An unnamed official of Bean Pole, a local clothing brand housed there, said, ``The past couple of months have been tough and sales are disappointing,'' but implied that he believed Lotte had a solid plan to help business pick up.

But the country's No. 1 department store operator ― which recently revised down its annual sales target for the Moscow outlet from $140 million to $120 million ― seems to think differently of Lotte Vice Chairman Shin's pet project.

``We did thorough market research and we're planning to keep consistent with our `Korean-style' shopping center scheme,'' said Lim Hyung-wok, a Lotte spokesman, who added that this agenda is at the core of the company's expansion.

The emphasis is understandable, however, considering the amount of time and effort Shin put into the project that dates back more than 10 years. His father Shin Kyuk-ho, Lotte Group founder and chairman, first planted the seeds of the Russian business, but most of the detailed work was handed to his son.

Critics familiar with the Moscow operation, however, say this forceful strategy is what's fueling the problem.

A merchandiser for one of the tenant businesses in Lotte explained that Russian shoppers are traditionally used to fancy buildings and a laid back atmosphere, so they don't feel comfortable in Lotte's ``extremely simple structure, in which they are constantly followed by excessively polite sales staff.''

Even the head of Lotte Russia admitted that this cultural difference was tough to overcome. ``It took months to train Russian sales staff to bow their heads to customers,'' said Kim Sun-kwang in a recent media interview.

Small shops, an underground parking lot and less emphasis on luxury brands compared to high-end retailers there are among other factors repelling local shoppers.

Discounting the issues, however, Lotte says the same ideas will be implemented in its future global expansion projects.

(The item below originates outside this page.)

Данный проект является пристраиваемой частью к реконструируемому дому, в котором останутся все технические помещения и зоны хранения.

The first of them is a Beijing department store set to open later this month.

Thereafter, it plans to roll out more chains in China, Vietnam and India to ultimately become a top 10 player in the global department store market by 2010.

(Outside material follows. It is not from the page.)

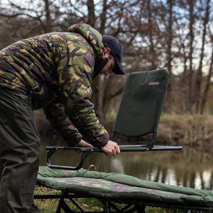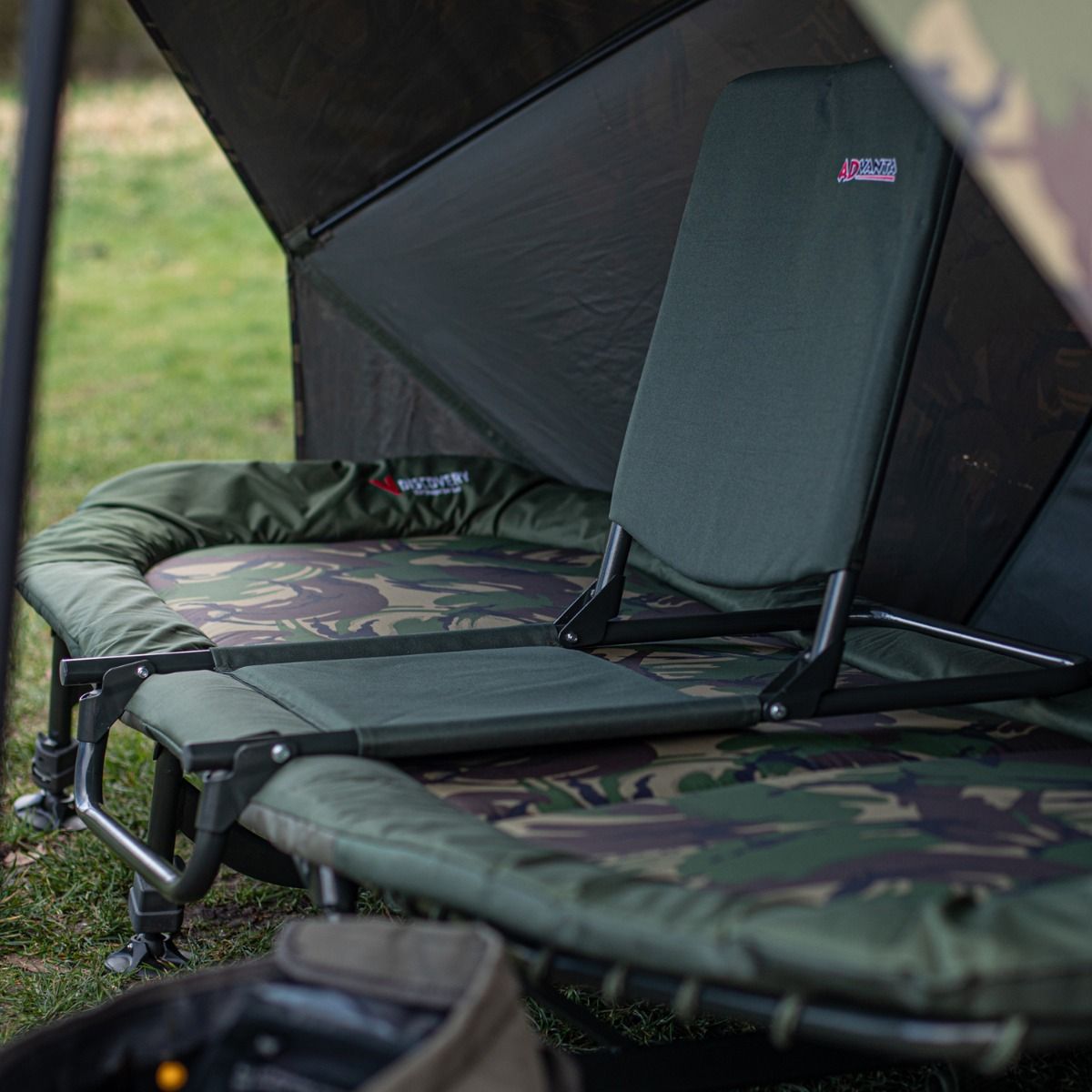 Der Advanta Bedchair Buddy ist eine ausgezeichnete Alternative für Angler, die für ihre nächtlichen Angelsitzungen nicht sowohl einen Bettstuhl wie auch einen Tagesstuhl ans Ufer tragen möchten. Es handelt sich im Wesentlichen um einen Sitz mit Rückenlehne, der über Ihre Liegefläche geschoben wird, damit Sie das Wasser beobachten können. Er ist ideal für den Einsatz in einem offenen Unterschlupf, Bivvy oder Shelter.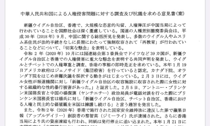 「中華人民共和国による人権侵害問題に対する調査及び抗議を求める意見書」全会一致で可決致!皆様ありがとうございます!

An excited Shin said at the opening press conference of the Moscow outlet last September, ``We will consistently raise the proportion of revenue that comes from international operations in the coming years.''

This is a similar strategy taken earlier by Lotte's main rival Shinsegae, which recently kicked off its 12th hypermarket outlet in China.

Market analysts say Lotte's initial slip was expected, but its needs a speedy comeback in order to catch up with Shinsegae.

Lotte Shopping's annual revenue in 2007 stood at 10.085 trillion won, while that of Shinsegae reached 10.103 trillion won.

``Every business goes through a trial and error period, but if Lotte keeps up with its `my way' strategy, the outcome is foreseeable,'' said Yoo Bin-na, a consultant at a foreign commercial property developer.